Record excerpts:
.....

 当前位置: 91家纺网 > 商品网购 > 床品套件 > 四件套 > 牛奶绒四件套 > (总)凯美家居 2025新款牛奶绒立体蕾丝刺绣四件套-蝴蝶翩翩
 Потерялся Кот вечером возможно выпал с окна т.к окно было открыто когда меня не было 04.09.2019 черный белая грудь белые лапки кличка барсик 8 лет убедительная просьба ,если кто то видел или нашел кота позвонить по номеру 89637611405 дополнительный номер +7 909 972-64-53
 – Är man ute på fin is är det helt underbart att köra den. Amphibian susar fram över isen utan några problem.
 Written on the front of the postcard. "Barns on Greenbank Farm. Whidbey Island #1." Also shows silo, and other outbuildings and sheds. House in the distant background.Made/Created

.....

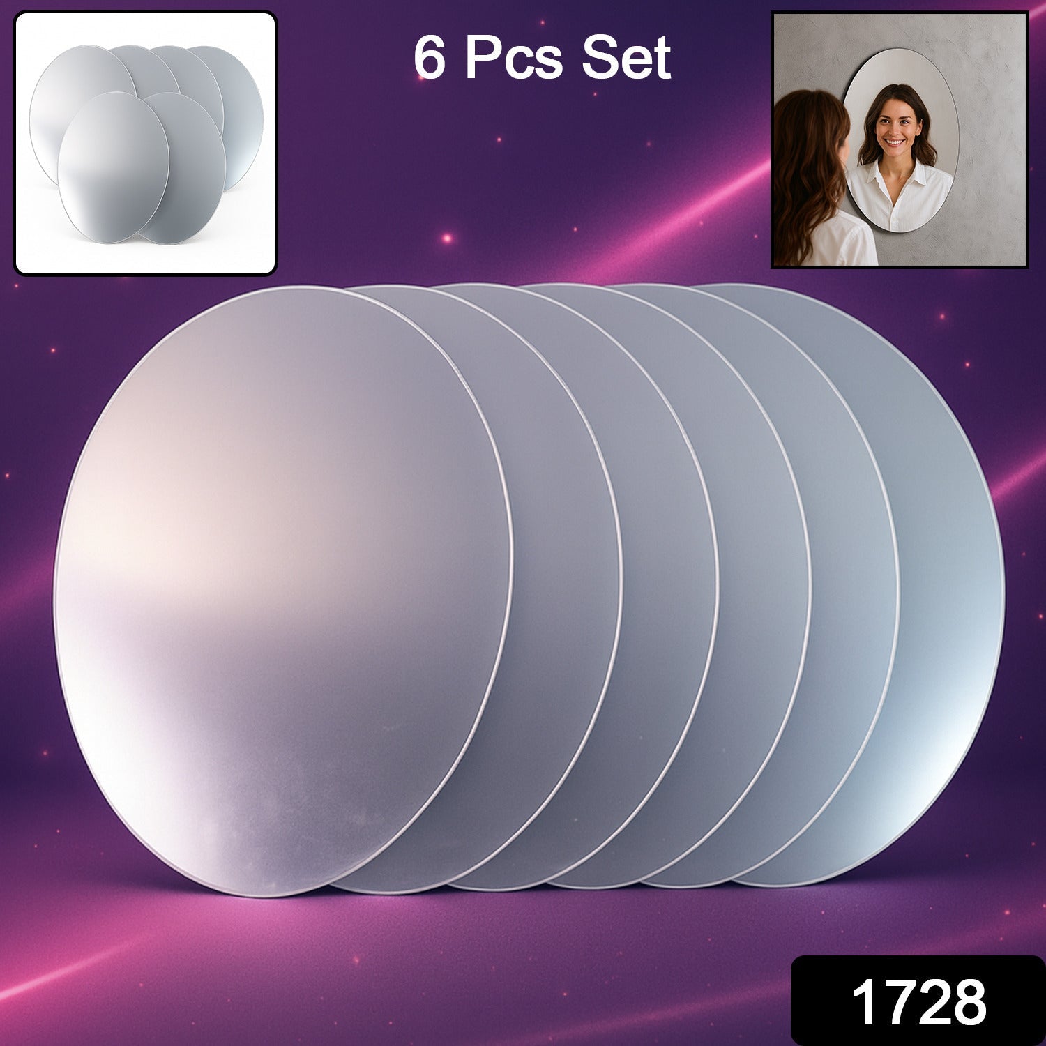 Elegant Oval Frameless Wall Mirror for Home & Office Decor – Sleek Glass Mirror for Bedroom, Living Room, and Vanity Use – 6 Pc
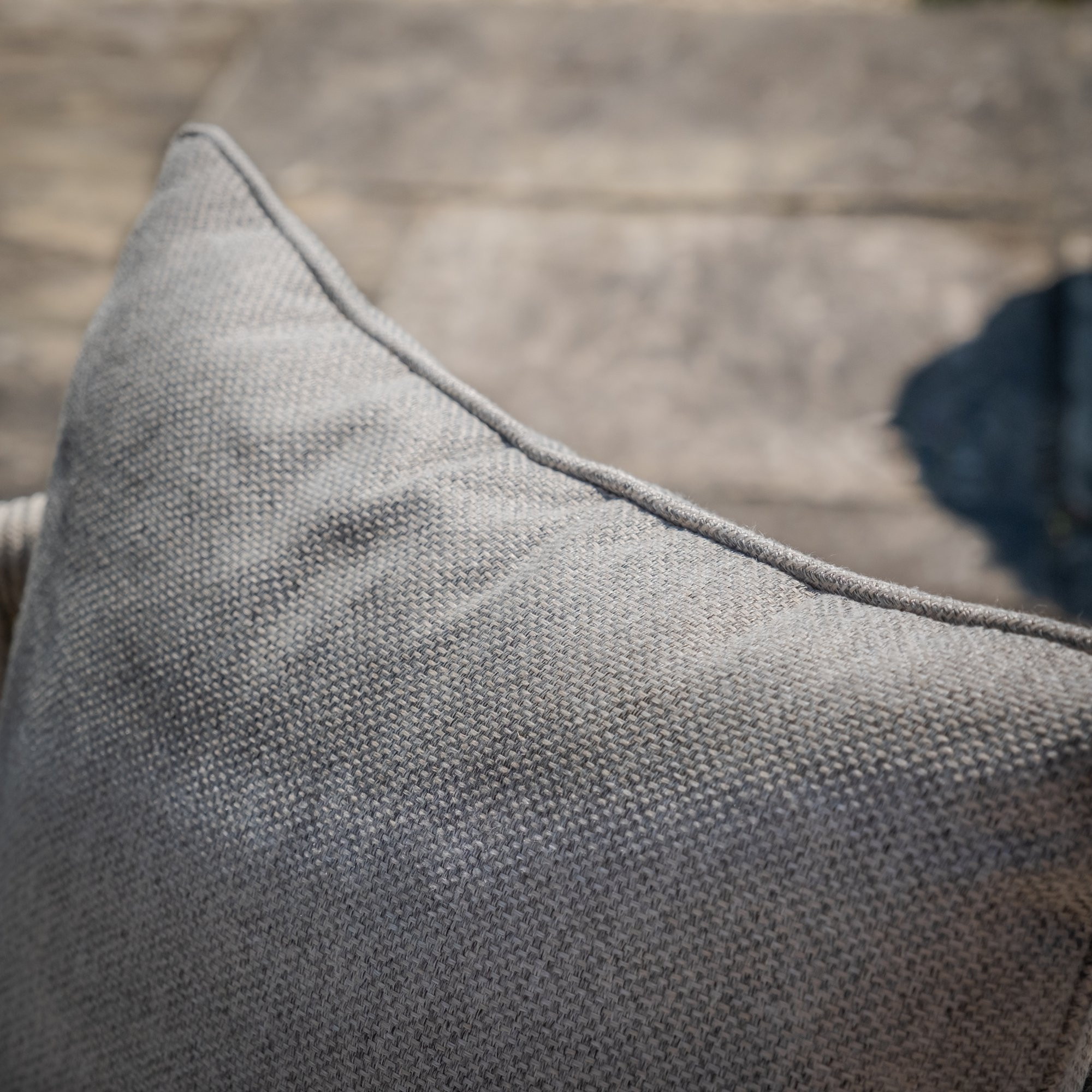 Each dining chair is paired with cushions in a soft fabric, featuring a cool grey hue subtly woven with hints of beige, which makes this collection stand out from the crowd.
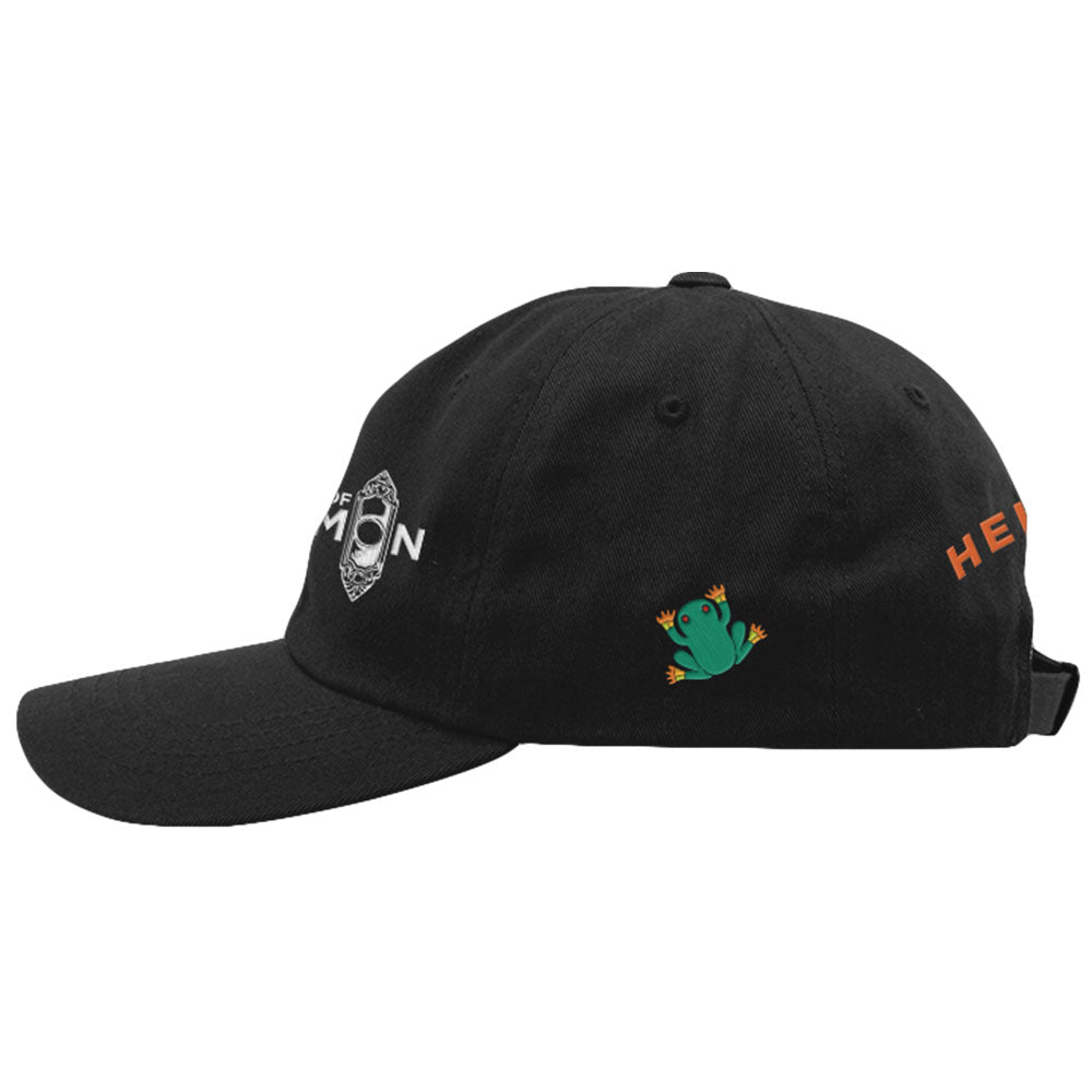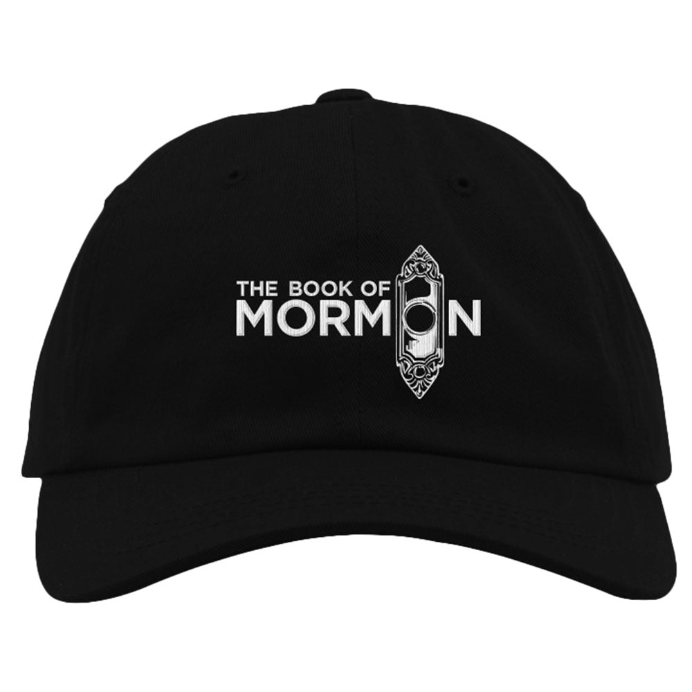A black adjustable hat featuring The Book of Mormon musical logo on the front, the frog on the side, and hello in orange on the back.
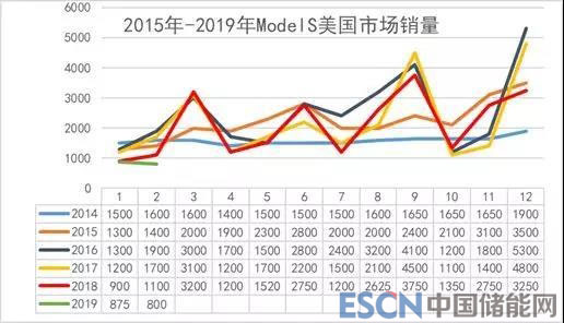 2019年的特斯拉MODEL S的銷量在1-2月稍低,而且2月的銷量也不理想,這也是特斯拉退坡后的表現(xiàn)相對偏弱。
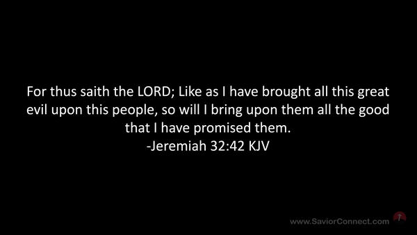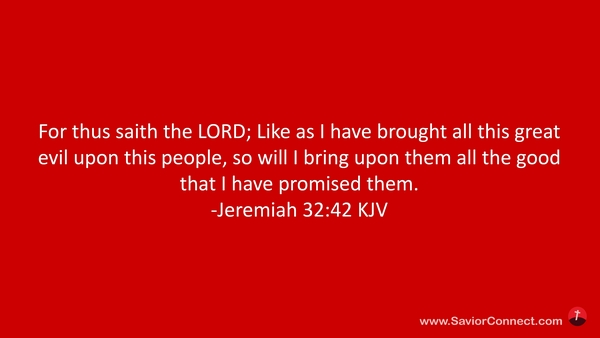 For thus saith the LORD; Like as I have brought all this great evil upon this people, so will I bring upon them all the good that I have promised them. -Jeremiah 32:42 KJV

.....

Description of the task: Repeat only the stretch of data above that runs from the line with "Elegant Oval Frameless" to the line with "2019年的特斯拉MODEL". Keep both end lines; exclude pictures.

Answer to this task:
 Elegant Oval Frameless Wall Mirror for Home & Office Decor – Sleek Glass Mirror for Bedroom, Living Room, and Vanity Use – 6 Pc
 Each dining chair is paired with cushions in a soft fabric, featuring a cool grey hue subtly woven with hints of beige, which makes this collection stand out from the crowd.
A black adjustable hat featuring The Book of Mormon musical logo on the front, the frog on the side, and hello in orange on the back.
 2019年的特斯拉MODEL S的銷量在1-2月稍低,而且2月的銷量也不理想,這也是特斯拉退坡后的表現(xiàn)相對偏弱。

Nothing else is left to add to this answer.